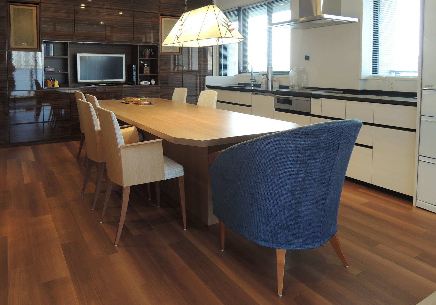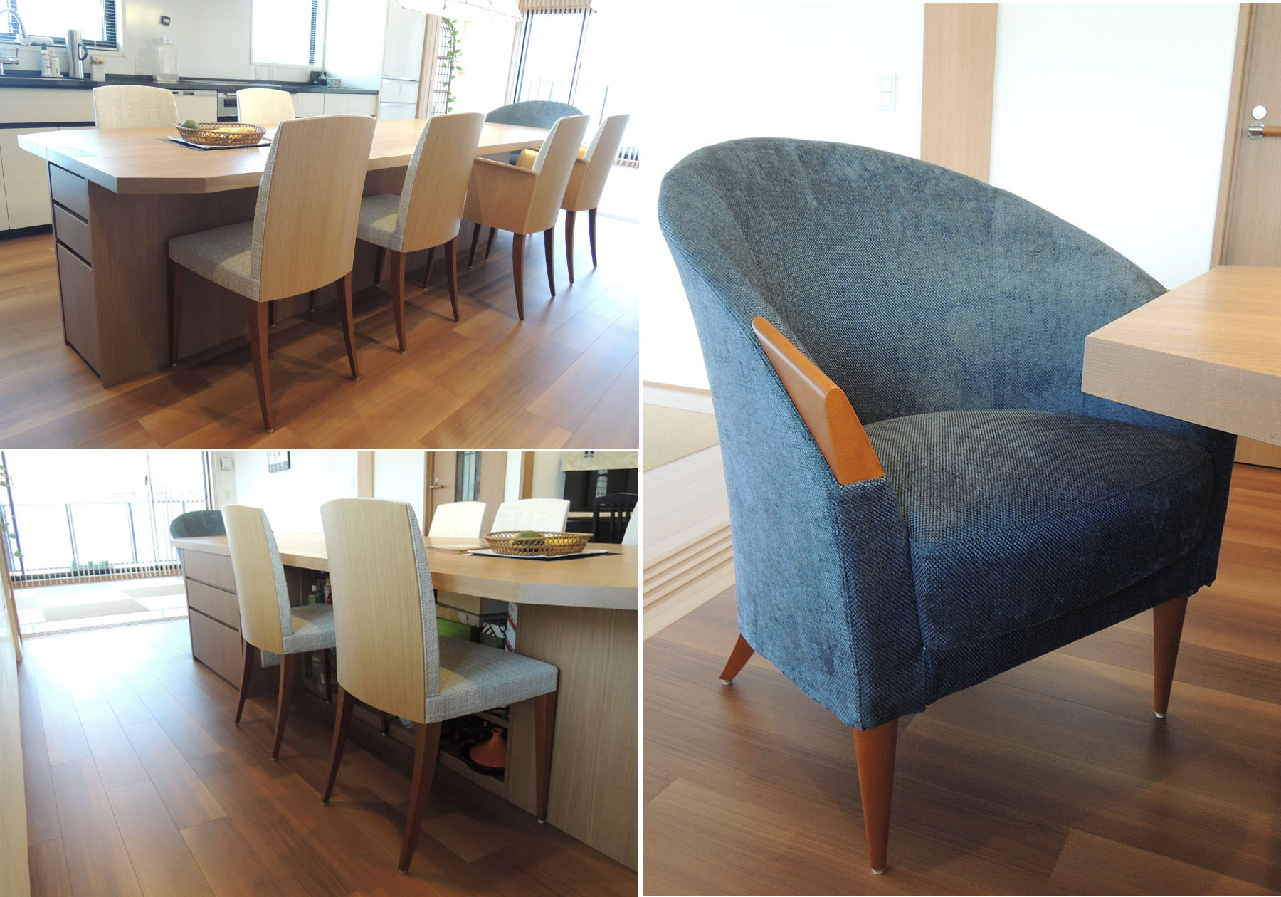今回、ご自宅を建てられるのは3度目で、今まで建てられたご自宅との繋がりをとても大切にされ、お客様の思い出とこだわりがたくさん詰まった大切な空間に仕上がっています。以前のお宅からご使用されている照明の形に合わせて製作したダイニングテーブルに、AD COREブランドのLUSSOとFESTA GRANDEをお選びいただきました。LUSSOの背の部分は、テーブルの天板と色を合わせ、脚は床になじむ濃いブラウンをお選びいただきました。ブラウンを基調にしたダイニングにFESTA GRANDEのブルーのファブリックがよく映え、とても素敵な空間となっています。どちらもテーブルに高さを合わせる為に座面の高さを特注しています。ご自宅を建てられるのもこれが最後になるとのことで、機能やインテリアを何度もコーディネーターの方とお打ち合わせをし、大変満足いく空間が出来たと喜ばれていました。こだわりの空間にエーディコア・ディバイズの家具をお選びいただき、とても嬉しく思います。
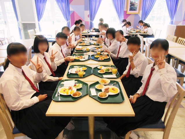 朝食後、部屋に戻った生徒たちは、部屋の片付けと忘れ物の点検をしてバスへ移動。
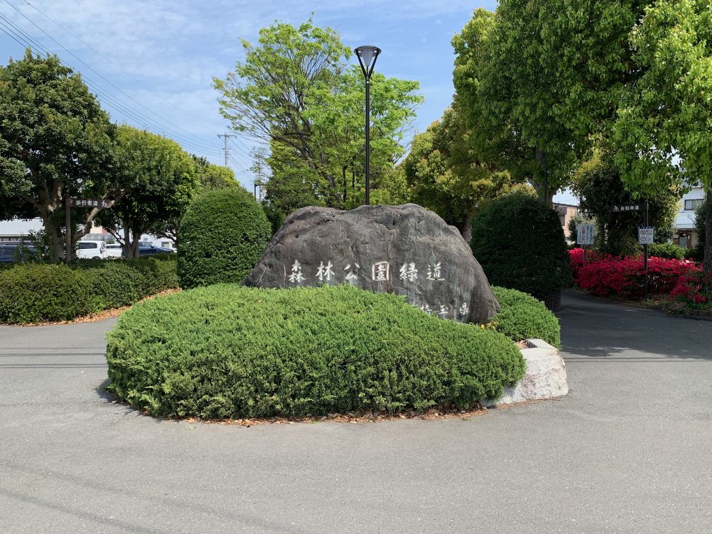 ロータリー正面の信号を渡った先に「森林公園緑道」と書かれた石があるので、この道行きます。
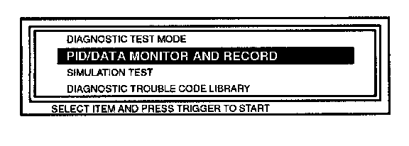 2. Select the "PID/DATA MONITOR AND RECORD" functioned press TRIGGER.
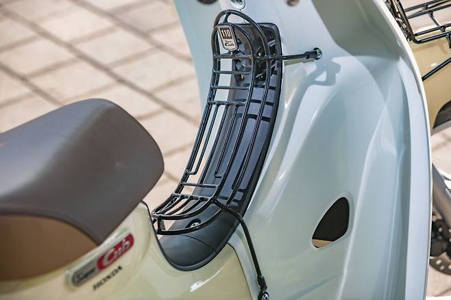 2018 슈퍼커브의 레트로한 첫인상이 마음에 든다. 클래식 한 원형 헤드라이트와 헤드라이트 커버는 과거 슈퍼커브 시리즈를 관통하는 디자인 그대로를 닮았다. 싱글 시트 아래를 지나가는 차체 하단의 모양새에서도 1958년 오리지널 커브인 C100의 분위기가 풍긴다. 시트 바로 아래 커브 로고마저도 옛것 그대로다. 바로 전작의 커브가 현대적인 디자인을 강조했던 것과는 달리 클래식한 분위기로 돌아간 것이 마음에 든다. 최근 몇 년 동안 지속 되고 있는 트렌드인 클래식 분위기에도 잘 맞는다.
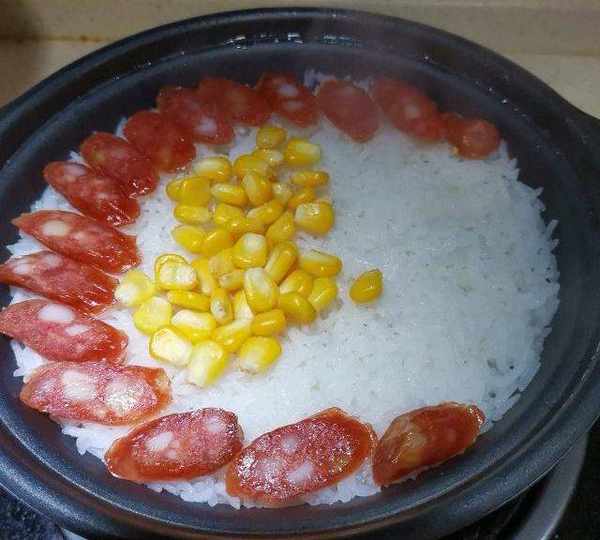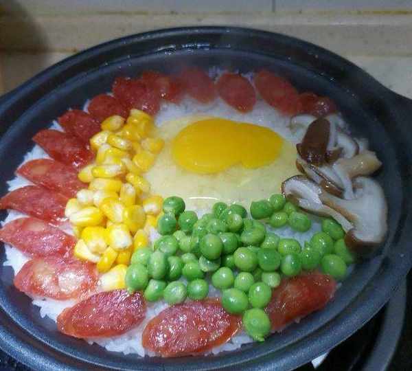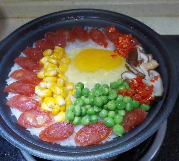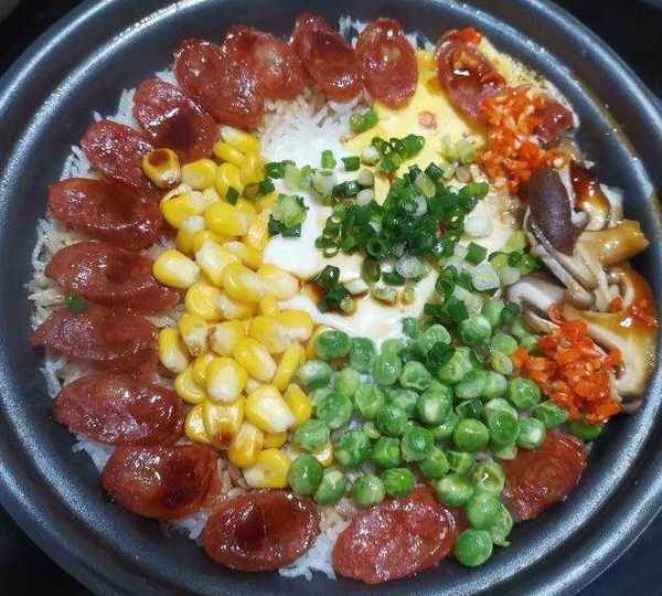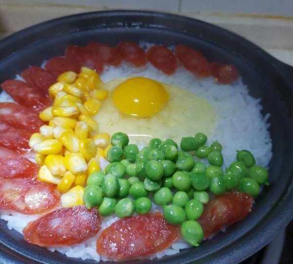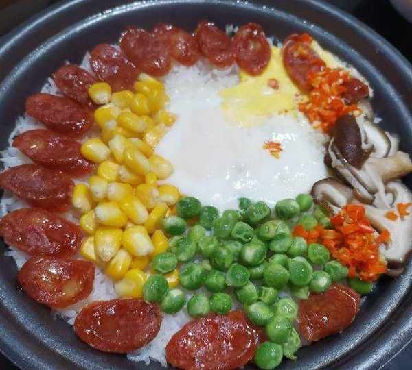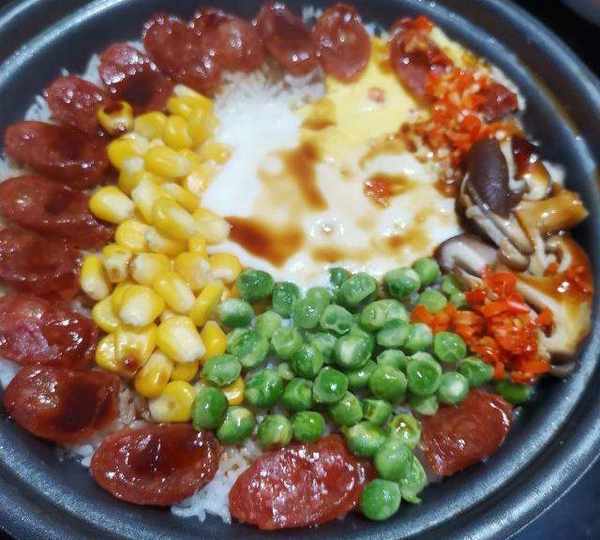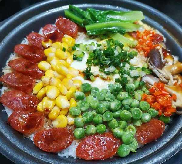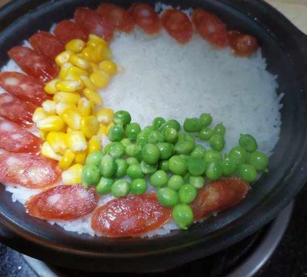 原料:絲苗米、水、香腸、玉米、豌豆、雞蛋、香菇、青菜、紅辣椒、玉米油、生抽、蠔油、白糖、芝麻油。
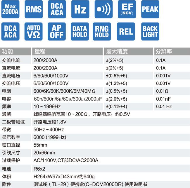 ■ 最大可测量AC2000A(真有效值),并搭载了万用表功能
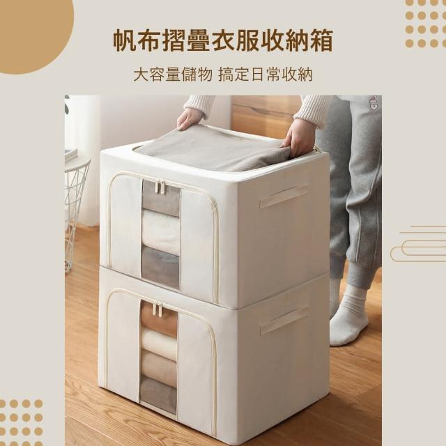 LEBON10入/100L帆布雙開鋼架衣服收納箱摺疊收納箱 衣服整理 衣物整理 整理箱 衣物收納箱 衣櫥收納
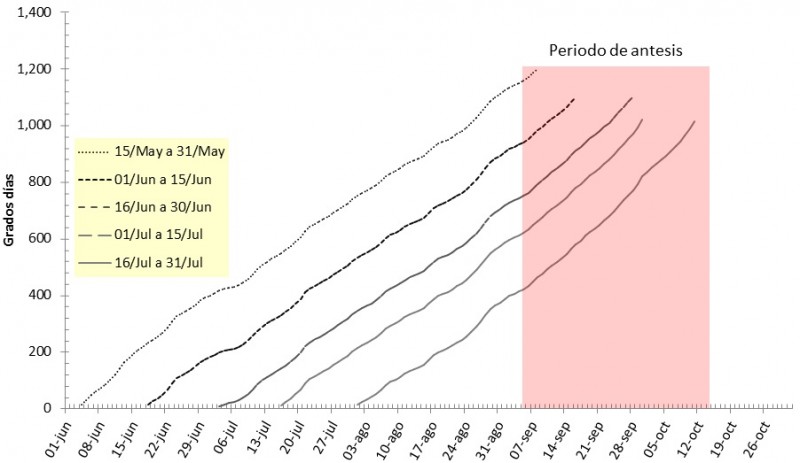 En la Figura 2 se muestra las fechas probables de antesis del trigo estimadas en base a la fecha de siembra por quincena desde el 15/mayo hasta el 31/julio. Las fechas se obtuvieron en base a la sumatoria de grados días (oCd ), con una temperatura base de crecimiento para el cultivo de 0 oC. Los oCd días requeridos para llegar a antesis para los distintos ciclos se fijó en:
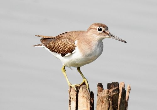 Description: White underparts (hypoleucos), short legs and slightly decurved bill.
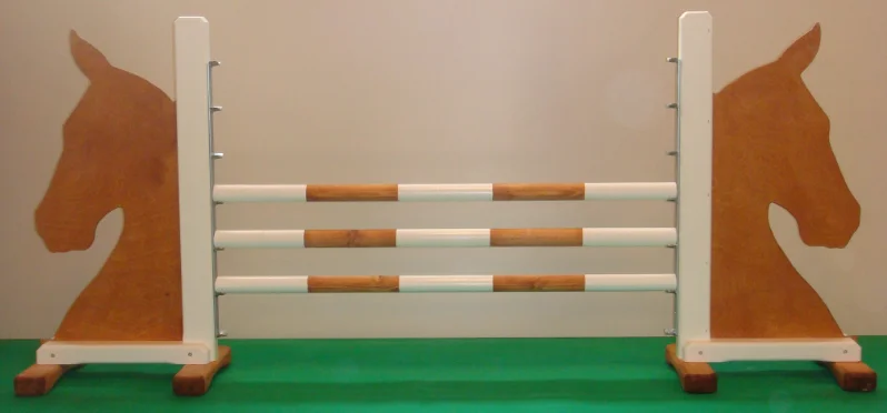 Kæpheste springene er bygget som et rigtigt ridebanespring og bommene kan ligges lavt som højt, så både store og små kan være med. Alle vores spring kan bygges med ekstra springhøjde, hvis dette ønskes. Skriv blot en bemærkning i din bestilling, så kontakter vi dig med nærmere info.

━━━━━━

**What is being asked**
Lines from the one with "Description: White underparts" through the final line of the records are the whole answer; print them exactly, minus any pictures.

**The completed task**
 Description: White underparts (hypoleucos), short legs and slightly decurved bill.
 Kæpheste springene er bygget som et rigtigt ridebanespring og bommene kan ligges lavt som højt, så både store og små kan være med. Alle vores spring kan bygges med ekstra springhøjde, hvis dette ønskes. Skriv blot en bemærkning i din bestilling, så kontakter vi dig med nærmere info.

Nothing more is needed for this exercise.